Copy down every line of the data that follows exactly. Omit the pictures.

····················

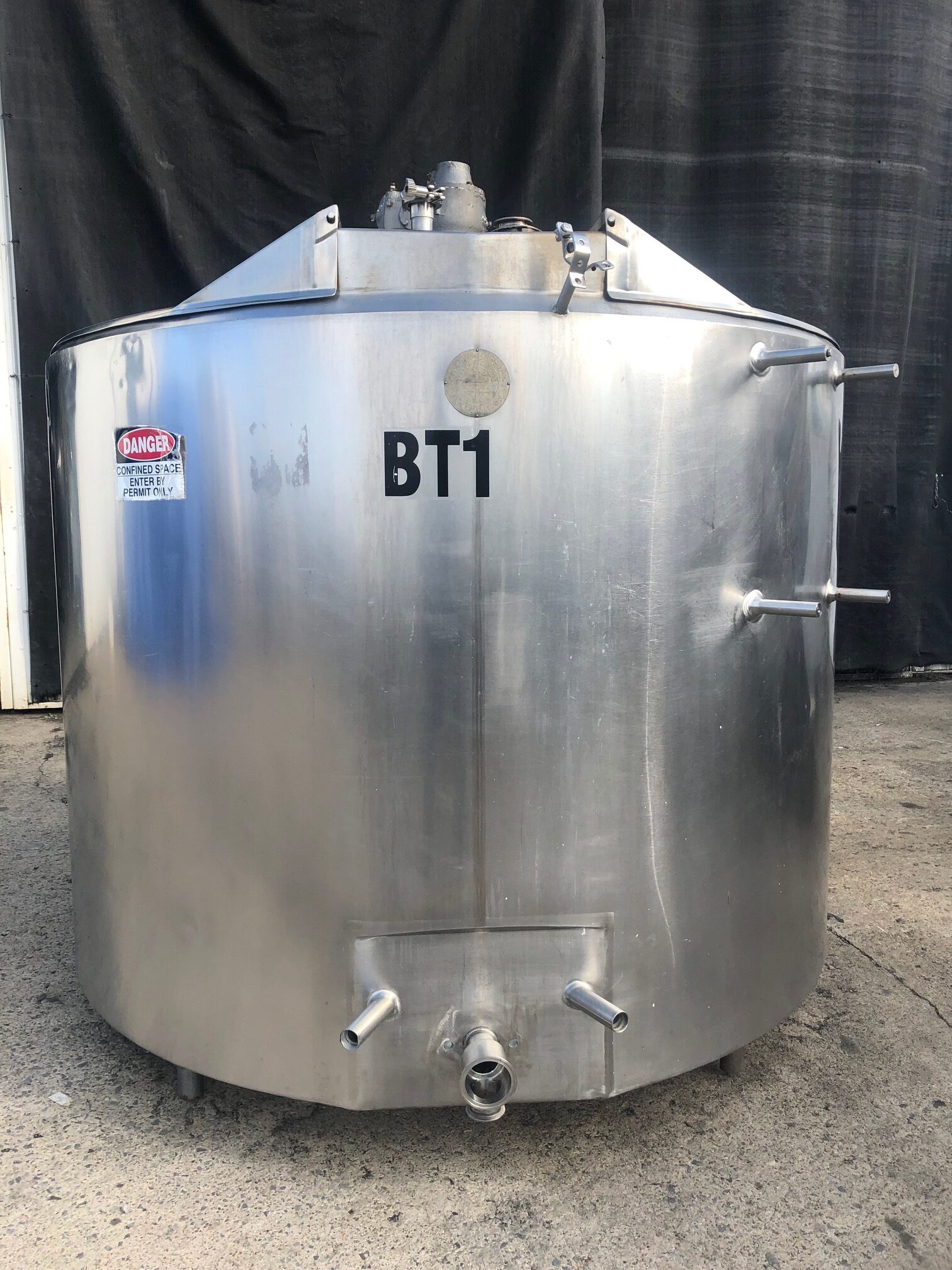 1,000 Gallon APV Crepaco Vertical Stainless Steel Dome Top, Cone Bottom Pressure Wall Processor, Side Scrape and Wide Bottom Sweep Agitation, Top Manway, 2.5 in Outlet, Thermowell, Level Sensor, Stainless Steel Legs W/ Feet, Approx. 82 in Dia x 132 in H.
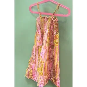 Keywords: girls dress, summer dress, pink dress, paisley dress, floral dress, smocked dress, tiered dress, size S, size 4, size 5, kids dress, childrens dress, bohemian dress, casual dress
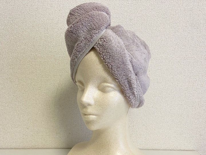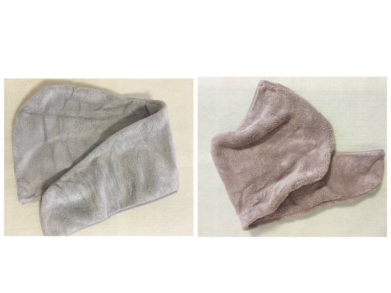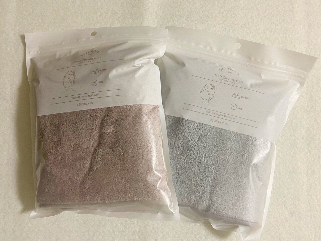 「ヘアドライキャップ」(330円)は女性を中心に人気の3COINSのヒットアイテムのひとつ。ふつうのタオルよりも吸水性に優れているので、ドライヤーの時間を短縮することが叶う時短アイテムです。髪の毛の長い筆者はデイリー使いしたいので2つまとめ買い!
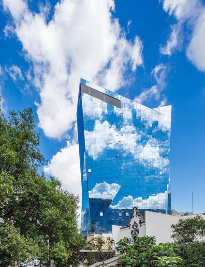 这是一栋可持续的高层豪华住宅项目,该项目于3月完成,这是Libeskind在美国南部的一个项目。 该项目的外立面采用光亮的玻璃幕,高端层住宅项目位于圣保罗的 Itaim Bibi区,在城市主干道附近,很方便的访问Ibirapuera和Do Povo公园。大胆、雕塑的设计通过镶嵌的阳台展现了多元化的玻璃立面,整个立面形成一个节奏模式。
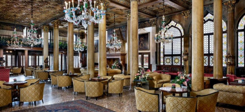 Dandolo Bar - роскошный бар среди мраморных колонн на 1 этаже Palazzo Dandolo с очаровательной атмосферой и живой фортепианной музыкой, предлагающий вечерние коктейли, классические напитки и легкие закуски.
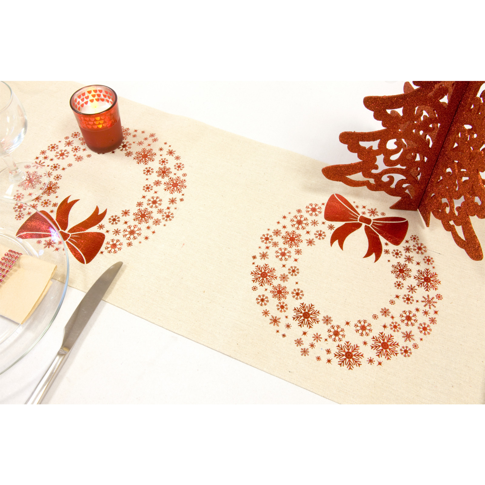 Chemin de table toile couronne de Noël 4 mètres
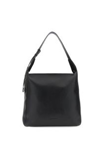 Bolso de hombro de piel sintética granulada con asa ajustable y letras metálicas grandes. Amplio bolsillo interior plano y práctico cierre.
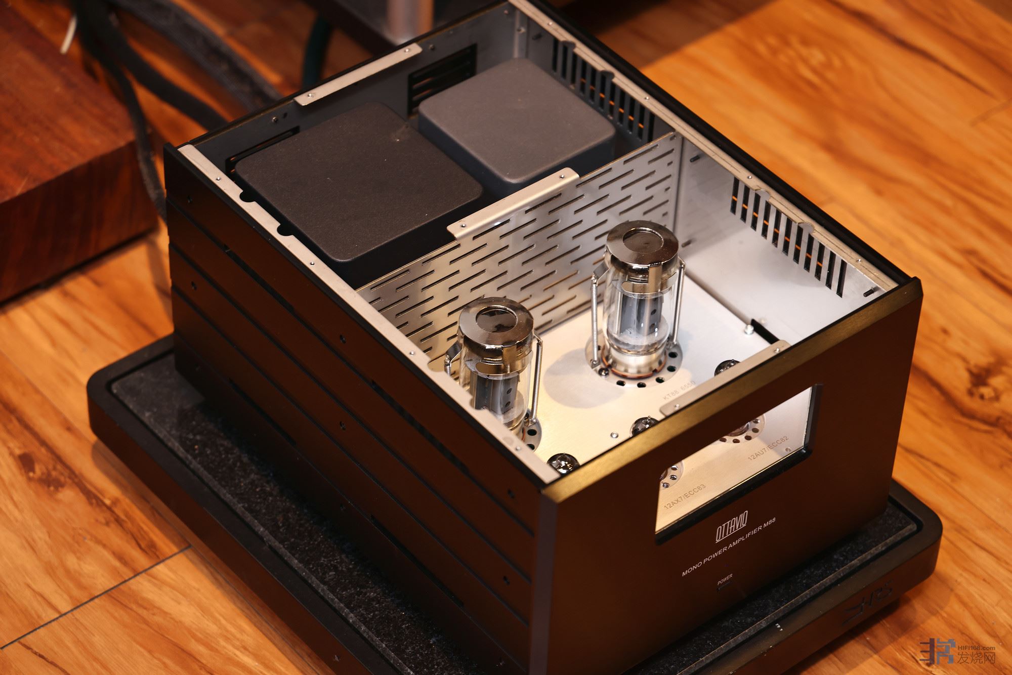 M88是KT88推挽单声道电子管后级,第一级使用12AX7进行电压放大,第二级使用2支12A∪7当推动,功率管采用KT88(6550)。
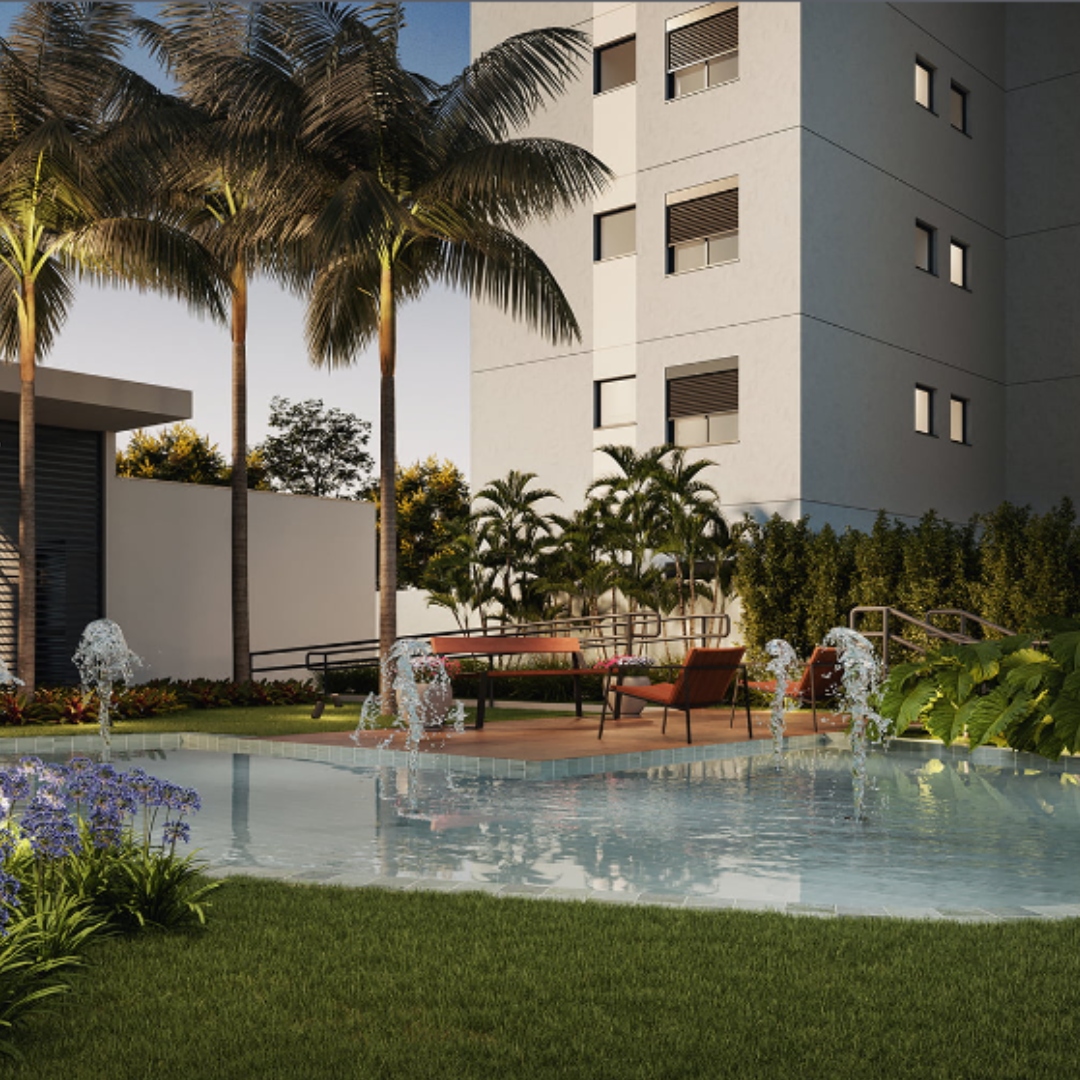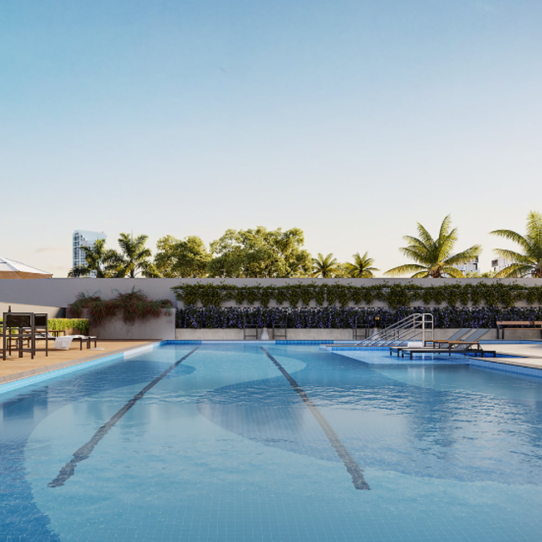 Esse belíssimo projeto possui área de lazer completa com piscinas (deck molhado, solário e bar da piscina), quiosque com churrasqueira, quadra recreativa, pet place e playground.
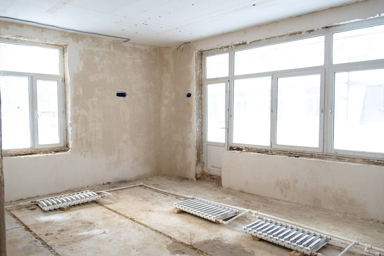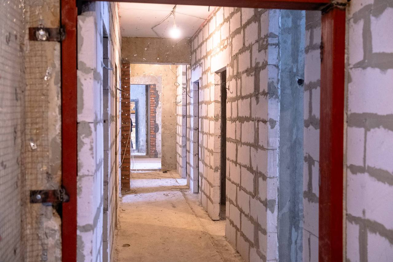 Демонтаж завершён. Сейчас основные силы направлены на устройство инженерных сетей, входных групп, внутренних перегородок, подготовку к монтажу коммуникаций и штукатурные работы. На объекте работают 32 человека. Темп хороший, подрядчик график выдерживает.

····················

**RESULT FOR THIS EXERCISE**
 1,000 Gallon APV Crepaco Vertical Stainless Steel Dome Top, Cone Bottom Pressure Wall Processor, Side Scrape and Wide Bottom Sweep Agitation, Top Manway, 2.5 in Outlet, Thermowell, Level Sensor, Stainless Steel Legs W/ Feet, Approx. 82 in Dia x 132 in H.
 Keywords: girls dress, summer dress, pink dress, paisley dress, floral dress, smocked dress, tiered dress, size S, size 4, size 5, kids dress, childrens dress, bohemian dress, casual dress
 「ヘアドライキャップ」(330円)は女性を中心に人気の3COINSのヒットアイテムのひとつ。ふつうのタオルよりも吸水性に優れているので、ドライヤーの時間を短縮することが叶う時短アイテムです。髪の毛の長い筆者はデイリー使いしたいので2つまとめ買い!
 这是一栋可持续的高层豪华住宅项目,该项目于3月完成,这是Libeskind在美国南部的一个项目。 该项目的外立面采用光亮的玻璃幕,高端层住宅项目位于圣保罗的 Itaim Bibi区,在城市主干道附近,很方便的访问Ibirapuera和Do Povo公园。大胆、雕塑的设计通过镶嵌的阳台展现了多元化的玻璃立面,整个立面形成一个节奏模式。
 Dandolo Bar - роскошный бар среди мраморных колонн на 1 этаже Palazzo Dandolo с очаровательной атмосферой и живой фортепианной музыкой, предлагающий вечерние коктейли, классические напитки и легкие закуски.
 Chemin de table toile couronne de Noël 4 mètres
 Bolso de hombro de piel sintética granulada con asa ajustable y letras metálicas grandes. Amplio bolsillo interior plano y práctico cierre.
 M88是KT88推挽单声道电子管后级,第一级使用12AX7进行电压放大,第二级使用2支12A∪7当推动,功率管采用KT88(6550)。
 Esse belíssimo projeto possui área de lazer completa com piscinas (deck molhado, solário e bar da piscina), quiosque com churrasqueira, quadra recreativa, pet place e playground.
 Демонтаж завершён. Сейчас основные силы направлены на устройство инженерных сетей, входных групп, внутренних перегородок, подготовку к монтажу коммуникаций и штукатурные работы. На объекте работают 32 человека. Темп хороший, подрядчик график выдерживает.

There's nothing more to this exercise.